===== Records =====

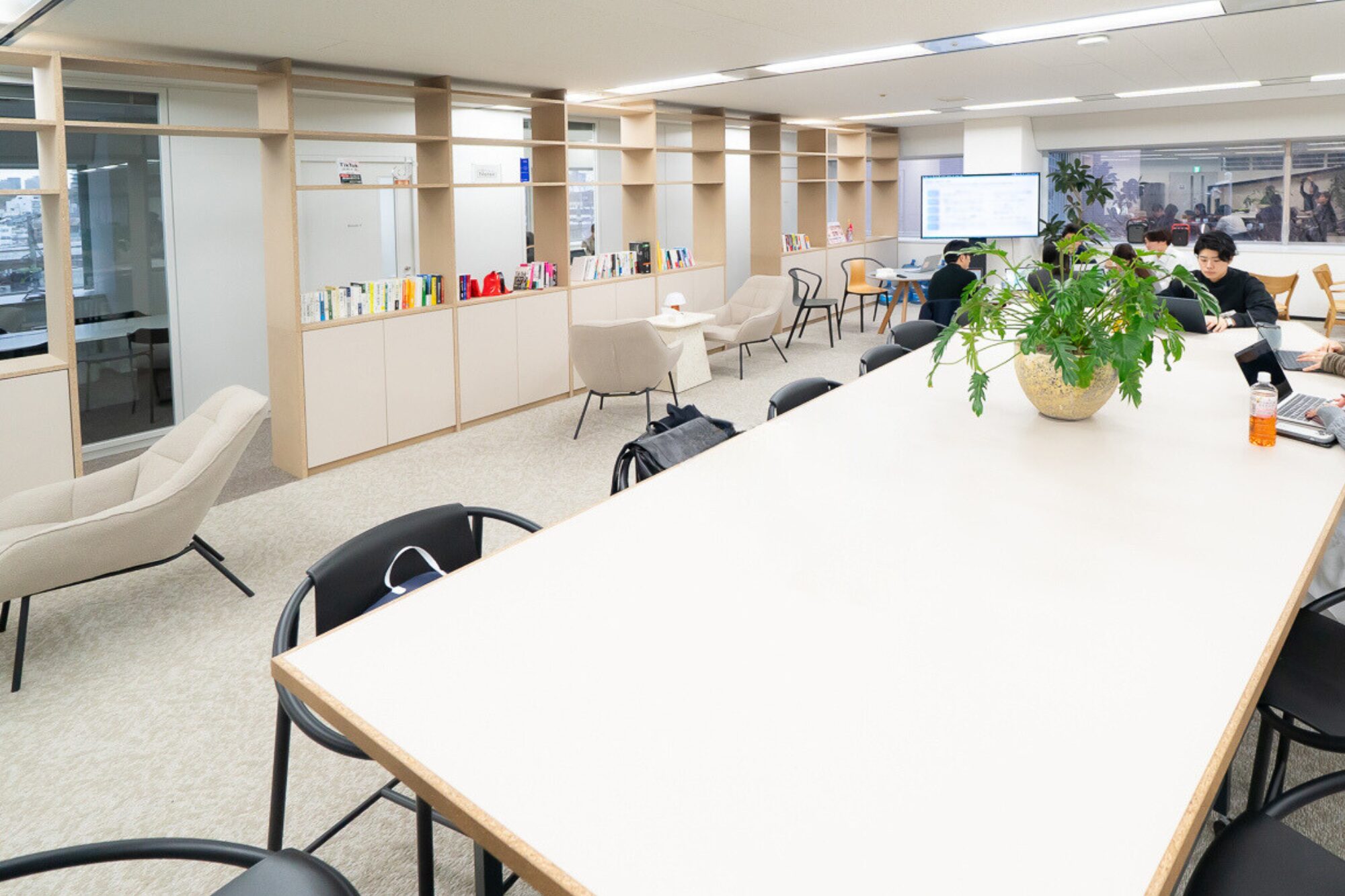 前オフィスに移転した2021年に15名前後だった社員数は、今や60名を超え、2026年度の新卒が加わると70名に届く見込みです。ラウンジエリアに人が集まり、目的ごとにさまざまなグループが点在して仕事をしている様子がもっと見られるように、社内イベントなど出社したくなる仕掛けを増やしたいですね。
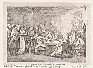 Step into the whimsical world of 18th-century English satire with this lively etching, *Parson Adams & Fanny as culprits before the Justice*, created in 1792. Drawn from Henry Fielding's novel *The Adventures of Andrews, and his friend Mr Adams*—a playful parody of sentimental fiction—the print captures a chaotic courtroom scene where the bumbling Parson Adams and virtuous Fanny face a comically inept country justice. Tags hint at the bustling details: men and women gathered amid food and pipe smoke, evoking the rowdy taverns and rustic follies of Georgian England. Renowned caricaturist Thoma...
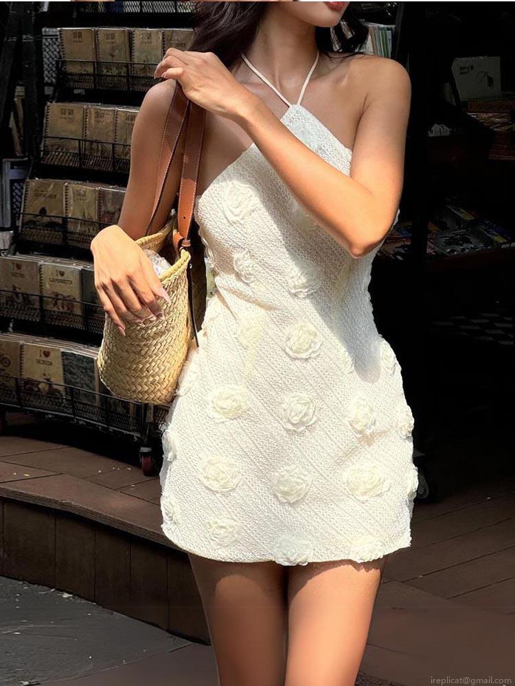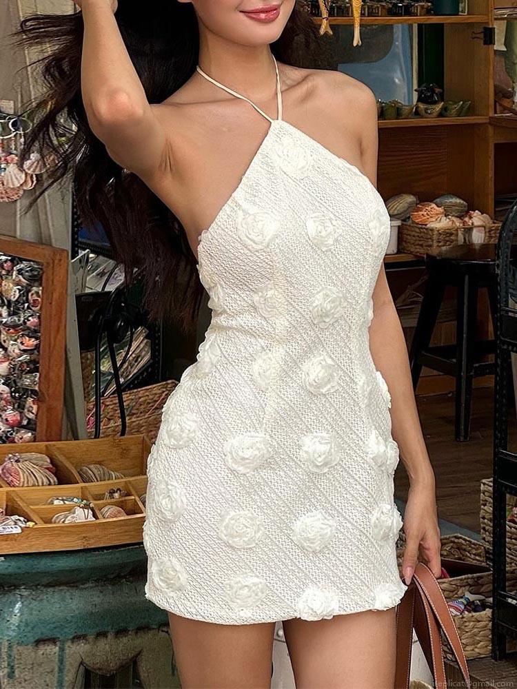 • Women Sexy White Halter Neck Mini Dress With 3D Rose Flower Backless Knit Sleeveless Bodycon Party Dress For Summer Vacation Clubwear
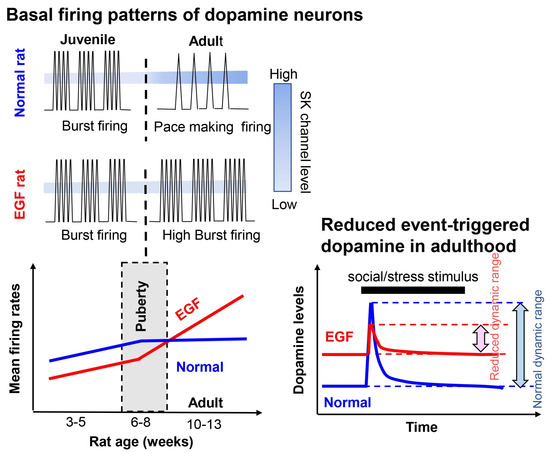 Age-dependent alteration of firing activity of dopamine neurons. Baseline burst firing is reduced in the post-pubertal stage in parallel with the increase in SK channel expression in normal development. In contrast to the profile of normal animals, baseline burst firing is elevated and the expression of SK channels is reduced in the EGF model at their post-pubertal stage [117]. Accordingly, event-triggered and stress-evoked fractions of dopamine (DA) release are relatively suppressed with the given high baseline release and might be implicated in their stress vulnerability.
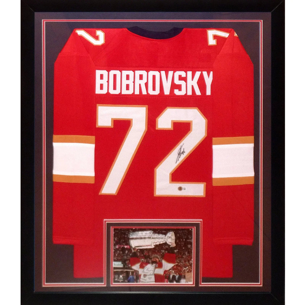 Celebrate your love for the game with this autographed Sergei Bobrovsky Florida jersey! A must-have for any fan, this framed jersey is authenticated by Beckett and proudly displays Bobrovsky's iconic red number 72. Perfect for display in any home or office, this jersey is a true collector's item.
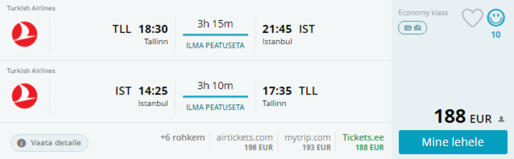 NB: otsisime välja omavahel sobivad lennud Tallinnast Istanbuli ning Istanbulist Seišellidele. Jälgi nummeratsiooni näidiskuupäevade ees!
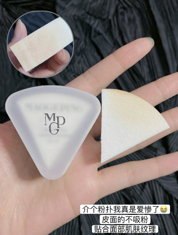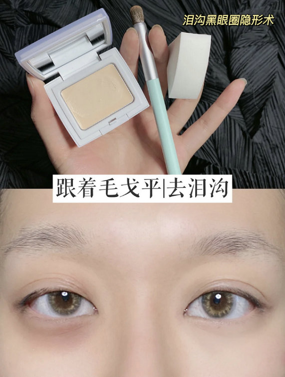 用三角粉扑的弧面去上妆而不是用尖头,为了让妆容更自然试试在粉底前上粉膏会比粉底后更自然。黑眼圈跟我一样不是很严重的,可以使试试。如果黑眼圈比较深建议用调色遮瑕膏+高光粉膏来搭配遮盖效果会更好一些!
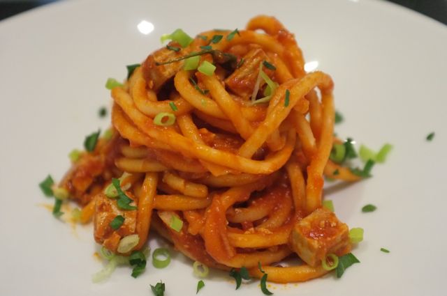 Ces pâtes prévoient les lardons, que je n’ai jamais tellement aimé… donc… rien de plus facile de les faire vegan pour, finalement, me régaler! C’était aussi une des recettes de mon dernier cours de cuisine: “Les sauces pour les pâtes”.
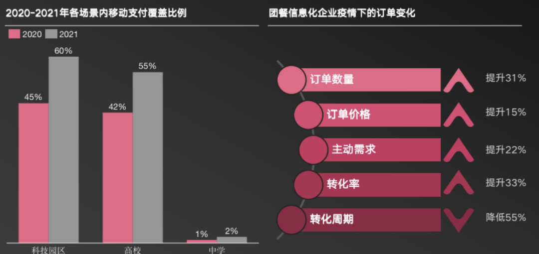 自疫情以来,团餐信息化企业订单数量、订单金额同比上升了31%,主动需求提升22%,订单转化率提升33%,转化周期也缩短了55%。
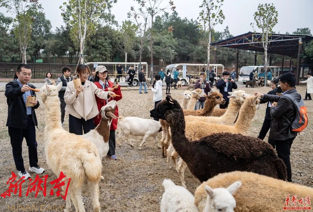 “我们准备了蔬菜和胡萝卜,邀请各位媒体老师亲手投喂山羊和羊驼。”车行至大食草区,随车讲解员的邀约瞬间点燃了现场的气氛,大家纷纷下车,手拿一小袋胡萝卜,体验这难得的和动物亲近的机会。
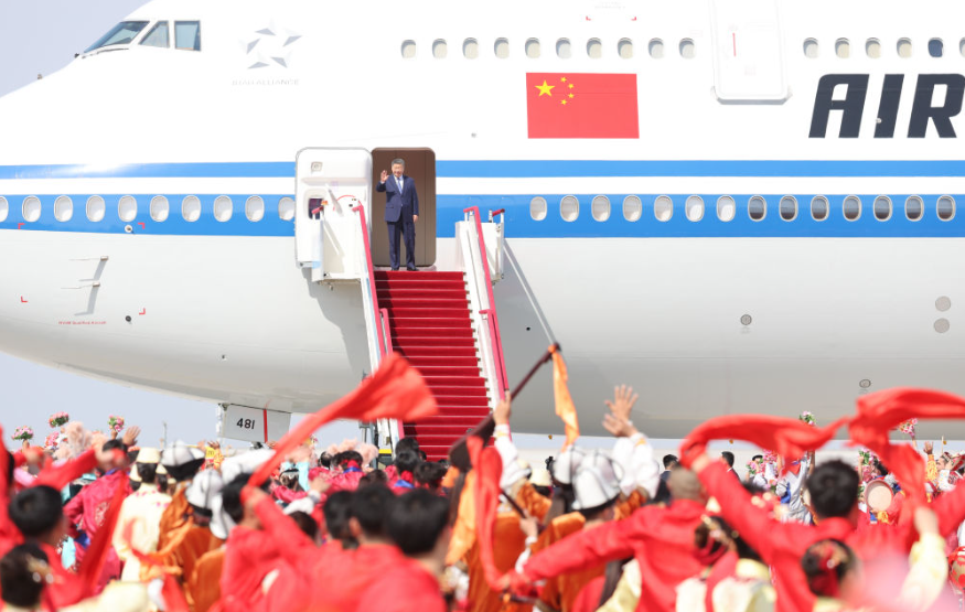 習近平總書記走出艙門,向歡迎群眾揮手致意。
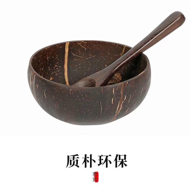 天然椰子壳碗东南亚越南椰壳碗木勺越南老椰子壳水果木质碗鸡翅木

=====

» **Problem details**
Set down word for word every line from the line containing "Celebrate your love" through the last line of the entries, and nothing more; no pictures.

» **Response area**
 Celebrate your love for the game with this autographed Sergei Bobrovsky Florida jersey! A must-have for any fan, this framed jersey is authenticated by Beckett and proudly displays Bobrovsky's iconic red number 72. Perfect for display in any home or office, this jersey is a true collector's item.
 NB: otsisime välja omavahel sobivad lennud Tallinnast Istanbuli ning Istanbulist Seišellidele. Jälgi nummeratsiooni näidiskuupäevade ees!
 用三角粉扑的弧面去上妆而不是用尖头,为了让妆容更自然试试在粉底前上粉膏会比粉底后更自然。黑眼圈跟我一样不是很严重的,可以使试试。如果黑眼圈比较深建议用调色遮瑕膏+高光粉膏来搭配遮盖效果会更好一些!
 Ces pâtes prévoient les lardons, que je n’ai jamais tellement aimé… donc… rien de plus facile de les faire vegan pour, finalement, me régaler! C’était aussi une des recettes de mon dernier cours de cuisine: “Les sauces pour les pâtes”.
 自疫情以来,团餐信息化企业订单数量、订单金额同比上升了31%,主动需求提升22%,订单转化率提升33%,转化周期也缩短了55%。
 “我们准备了蔬菜和胡萝卜,邀请各位媒体老师亲手投喂山羊和羊驼。”车行至大食草区,随车讲解员的邀约瞬间点燃了现场的气氛,大家纷纷下车,手拿一小袋胡萝卜,体验这难得的和动物亲近的机会。
 習近平總書記走出艙門,向歡迎群眾揮手致意。
 天然椰子壳碗东南亚越南椰壳碗木勺越南老椰子壳水果木质碗鸡翅木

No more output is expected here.